Jiang Yuan, He Yunxiao, Zhang Heping
Yuan Jiang is an assistant professor at Department of Statistics, Oregon State University, Corvallis, Oregon 97331-4606. Yunxiao He is an associate director at the Nielsen Company, 770 Broadway, New York, New York 10003-9595. Heping Zhang is a Susan Dwight Bliss Professor at Department of Biostatistics, Yale University School of Public Health, and a Professor at the Child Study Center, Yale University School of Medicine, New Haven, Connecticut 06520-8034. He is also a Chang-Jiang and 1000-plan scholar at Sun Yat-Sen University, Guangzhou, China.

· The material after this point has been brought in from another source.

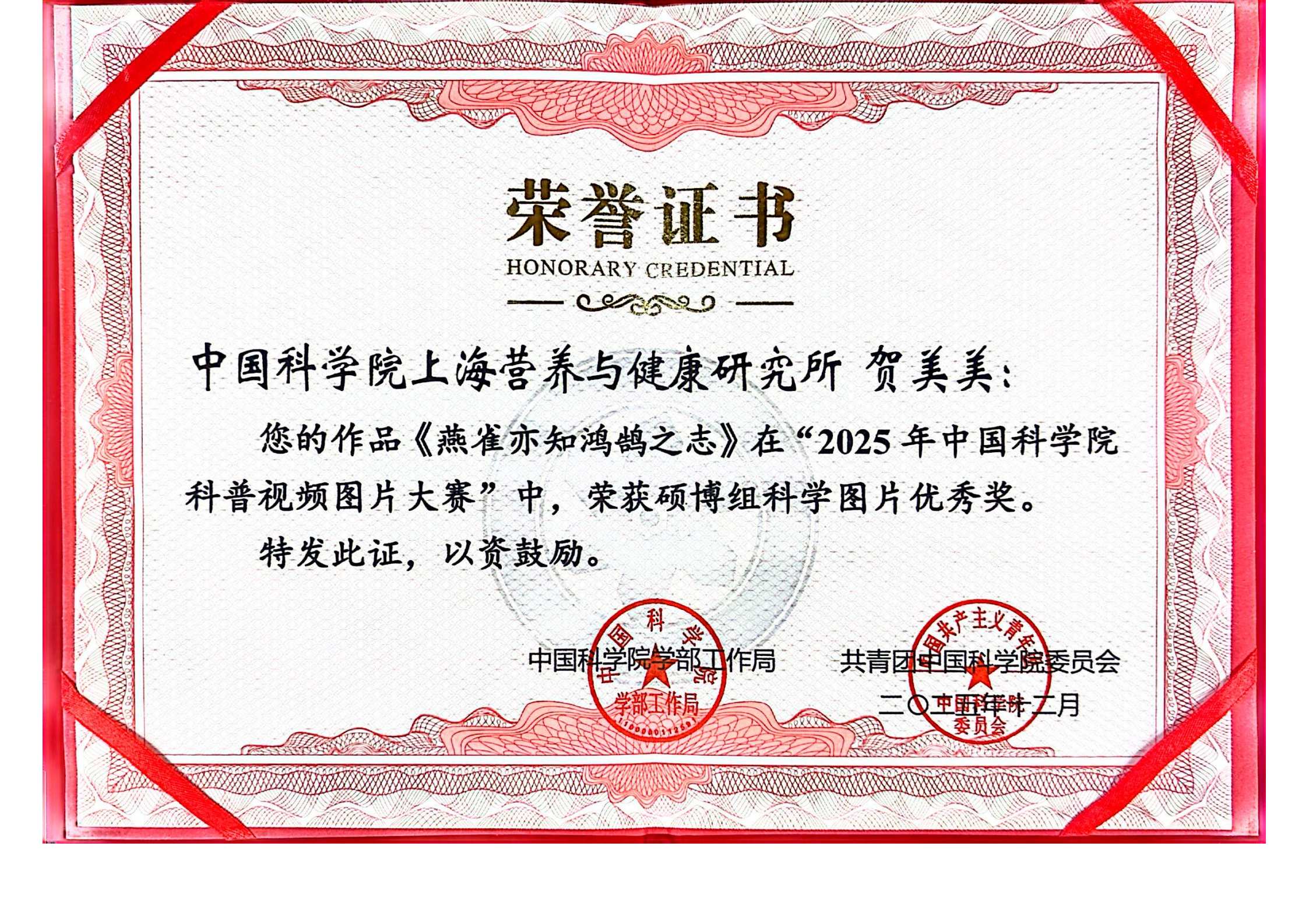 近日,2025年中國科學(xué)院科普視頻圖片大賽獲獎名單揭曉,中國科學(xué)院上海營養(yǎng)與健康研究所選送的多項科普作品斬獲佳績。其中,博士后徐盛創(chuàng)作的《小鹿與葡萄》榮獲公開組科學(xué)圖片二等獎,研究所基于錢友存研究組科研成果創(chuàng)作的《科學(xué)家首次揭示“細菌外交官” 精準(zhǔn)識菌助力腸道“免疫和平”》榮獲公開組科普視頻三等獎,研究生賀美美創(chuàng)作的《燕雀亦知鴻鵠之志》榮獲碩博組科學(xué)圖片優(yōu)秀獎。
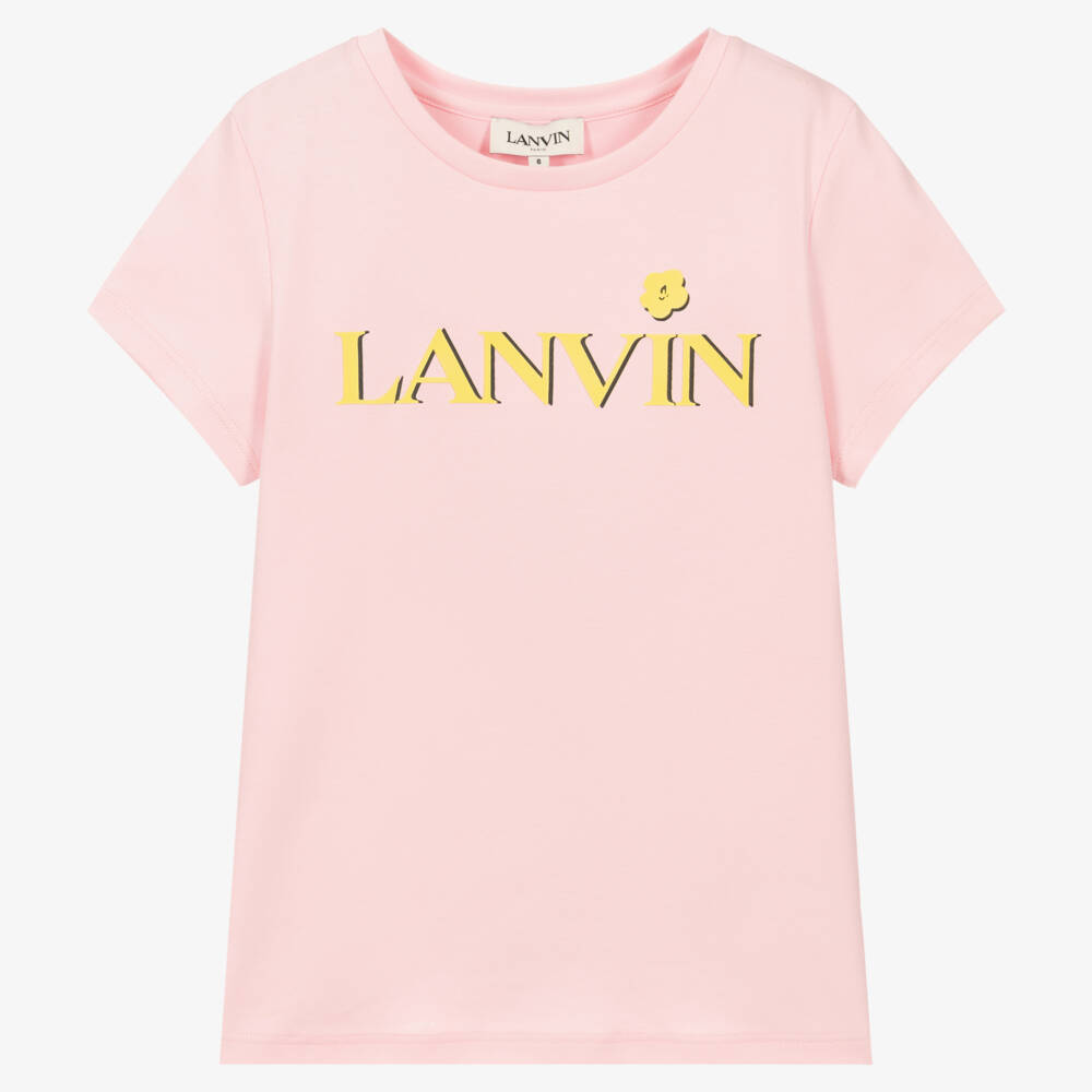 Pretty pale pink T-shirt for teen girls by luxury French brand Lanvin. It has an eye-catching bright yellow rubberised logo and daisy print on the front. Simple yet stylish, it is made in soft and comfortable cotton jersey.

J Am Stat Assoc. 2016;111(513):355-376. doi: 10.1080/01621459.2015.1008363. Epub 2016 May 5.
LASSO is a popular statistical tool often used in conjunction with generalized linear models that can simultaneously select variables and estimate parameters. When there are many variables of interest, as in current biological and biomedical studies, the power of LASSO can be limited. Fortunately, so much biological and biomedical data have been collected and they may contain useful information about the importance of certain variables. This paper proposes an extension of LASSO, namely, prior LASSO (pLASSO), to incorporate that prior information into penalized generalized linear models. The goal is achieved by adding in the LASSO criterion function an additional measure of the discrepancy between the prior information and the model. For linear regression, the whole solution path of the pLASSO estimator can be found with a procedure similar to the Least Angle Regression (LARS). Asymptotic theories and simulation results show that pLASSO provides significant improvement over LASSO when the prior information is relatively accurate. When the prior information is less reliable, pLASSO shows great robustness to the misspecification. We illustrate the application of pLASSO using a real data set from a genome-wide association study.
套索(LASSO)是一种常用的统计工具,常与广义线性模型结合使用,它可以同时选择变量并估计参数。当存在许多感兴趣的变量时,如在当前的生物学和生物医学研究中,LASSO的功效可能会受到限制。幸运的是,已经收集了大量的生物学和生物医学数据,这些数据可能包含有关某些变量重要性的有用信息。本文提出了LASSO的一种扩展,即先验LASSO(pLASSO),将该先验信息纳入惩罚广义线性模型。通过在LASSO准则函数中添加先验信息与模型之间差异的额外度量来实现这一目标。对于线性回归,可以使用类似于最小角回归(LARS)的过程找到pLASSO估计器的整个解路径。渐近理论和模拟结果表明,当先验信息相对准确时,pLASSO比LASSO有显著改进。当先验信息不太可靠时,pLASSO对错误设定表现出很强的稳健性。我们使用来自全基因组关联研究的真实数据集说明了pLASSO的应用。